What happens when you want to build that pristine cabin in the mountains you've always dreamed of? Besides static snow loads, when is it necessary to plan for avalanche loads?
The other day a friend came into our office looking for material on the Yodelin slide path, where an avalanche killed 4 people and destroyed 7 cabins in 1971 (see The Avalanche Review, Vol. 3, No. 3, 1985). He was concerned because his purchasing agreement said the property was outside any recognized avalanche danger and he wanted to find out if this was a legally accepted statement. Without any readily available avalanche zoning descriptions, his trail of information led him to our bookshelves, storage hanger, and notes from E.R. LaChapelle, who did a study for some previous property developers in that area.
Is it possible to have a reasonable avalanche zoning plan that does not infringe on the rights of property owners? Ketchum, Idaho thinks so. After the Yodelin accident the State of Washington recognized the "duty to wam" of known hazards. Ketchum city planners saw this as a prime motivation to wam their citizens of avalanche hazards within their city limits.
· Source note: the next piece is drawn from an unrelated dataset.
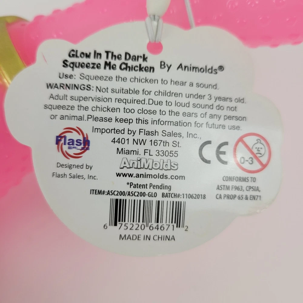 Animolds 13" Squeeze Me Chicken, Screaming Squawking Sound, New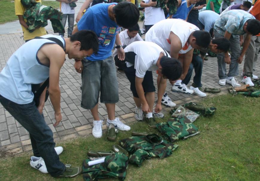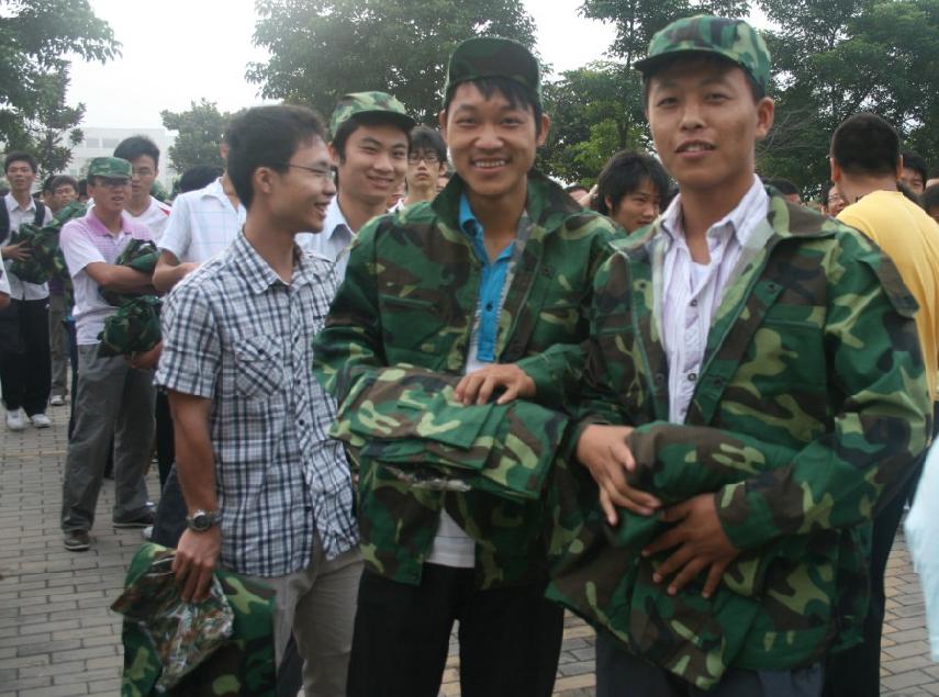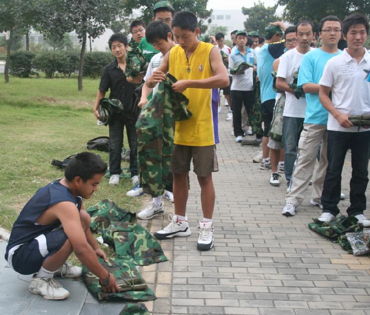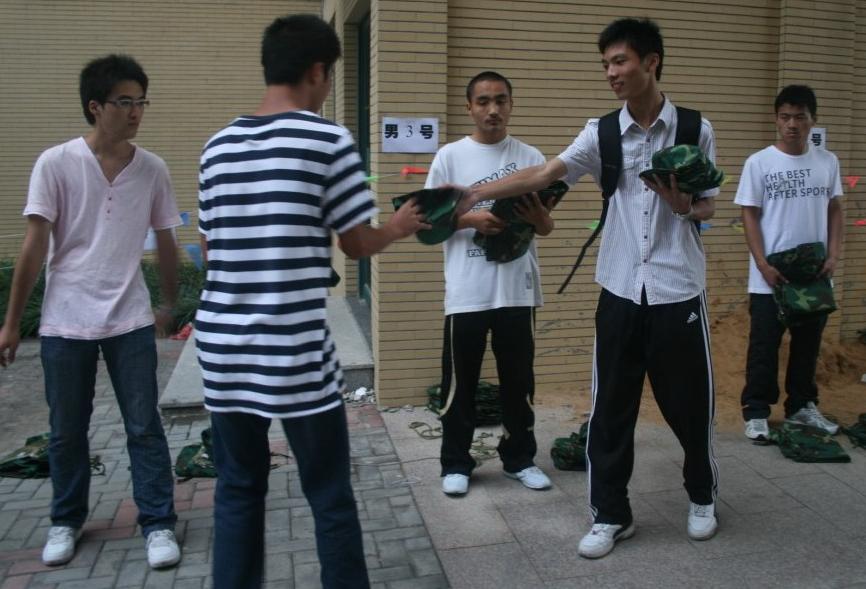 9月5日上午6点,绅士会所 09级新生在团委书记、09级辅导员孙留涛老师以及辅导员陈少松老师和刘筱婕老师的带领下在竹苑3号楼东门前排列着整齐的队伍,领取他们的军训服装。

James Kennedy was kind enough to send us copies of Ordinance #208 which outlines Ketchum's zoning requirements. The following paraphrases Section XVI, "Avalanche Zoning District," as it was revised and updated 9/86.
After studies by Norman Wilson in 1977, and Art Mears in 1978 and 1979, the Avalanche Zone District in Ketchum was established to: a) identify those areas where an avalanche potential exists, b) let the public know where those zones exist, c) give the public an opportunity to review the pertinent avalanche studies mentioned above, d) minimize health and safety hazards, disruption of commerce and extraordinary public expenditures, e) promote health safety and welfare, and f) allow for construction of singlefamily residences by persons informed of potential avalanche danger, while protecting lessees, renters and subtenants.
Essentially an Avalanche Zone District is an "overlay" district. It simply applies additional requirements to uses otherwise permitted in that district. For instance: a) All utilities installed after the effective date of this Ordinance must be installed underground. b) Avalanche defense structures may not be built in a way that will deflect avalanches toward the property of others. c) Prior to building, owners must prove their design will withstand recognized standards for minimum avalanche forces through an approved engineers study. d) Any structure that is built without the above mentioned engineers study cannot be rented or sublet during the winter.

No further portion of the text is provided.